Using Modules and Packages: When you use imports, keep in mind:

  • Use import module_name to import an entire module. Then you refer to its contents with module_name.x syntax.

  • Use from module_name import name1, name2 to import specific things directly.

  • Use import package.module to import a submodule from a package.

  • You can use as to give an alias to a module: e.g., import numpy as np (common in data science) or in our example, import shapes.circle as circle_mod.

  • A module is loaded only once per interpreter session. If you edit the module file and want to see changes without restarting Python, you need to reload it (using importlib.reload, for advanced use).

Example Package Usage: Suppose our shapes package’s circle.py defines area(radius) and circumference(radius), and square.py defines area(side) and so on. We could use them as:

from shapes.circle import area as circle_area
from shapes.square import area as square_area

print(circle_area(3))  # uses shapes/circle.py's area
print(square_area(3))  # uses shapes/square.py's area

This is straightforward and prevents name collisions by specifying which module’s function we want (we aliased them to avoid both being called just area in our code).

When to create a package? If you have just a few modules, a package might not be necessary. But if you have many modules that logically belong together (like a toolkit of related utilities), grouping them in a package helps avoid name conflicts with other modules and clarifies their relationship.

Summary: Organising code into modules and packages is key for larger programs:

  • A module is a single Python file that can be imported.

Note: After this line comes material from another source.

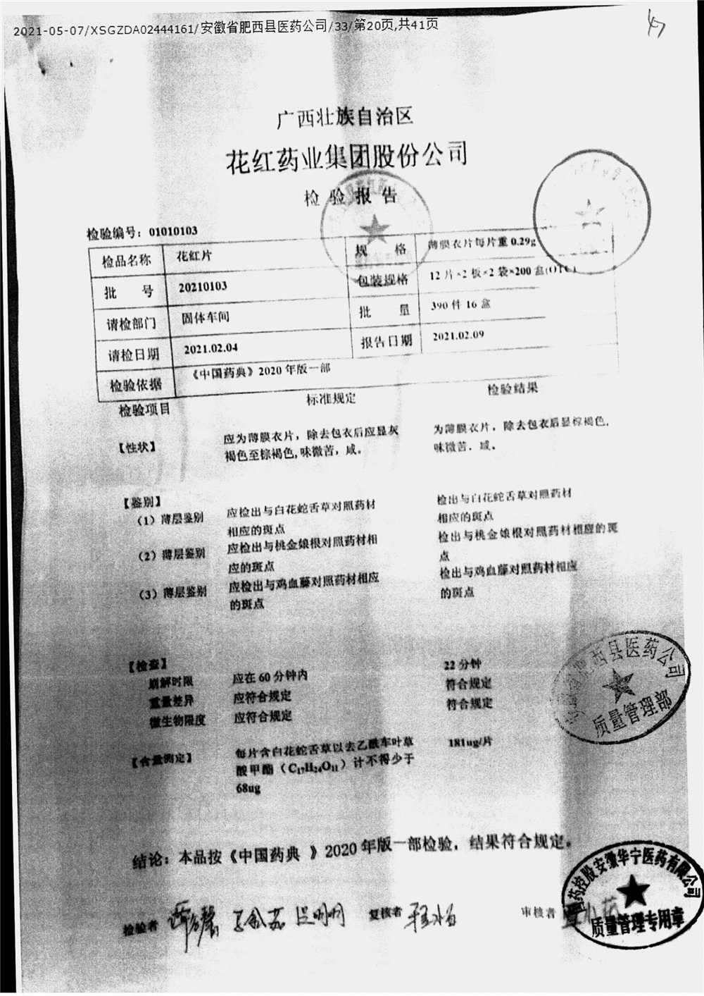 花红片 | 0.29g*72片 | 20210103 | 查看详情 |

It allows code reuse across scripts.

  • A package is a directory of modules (and possibly subpackages) with an__init__.py, providing a nested namespace for organization.

Use modules and packages to structure code by functionality (e.g., one module for database logic, another for computations, etc.), making it easier to maintain and navigate. Python’s standard library itself is a collection of many modules and packages.

By splitting your code into modules, you also enable easier testing (you can test each module’s functionality in isolation) and easier collaboration (different team members can work on different modules without stepping on each other’s toes). Remember to document your modules and packages (via docstrings and README files) so users know how to use them.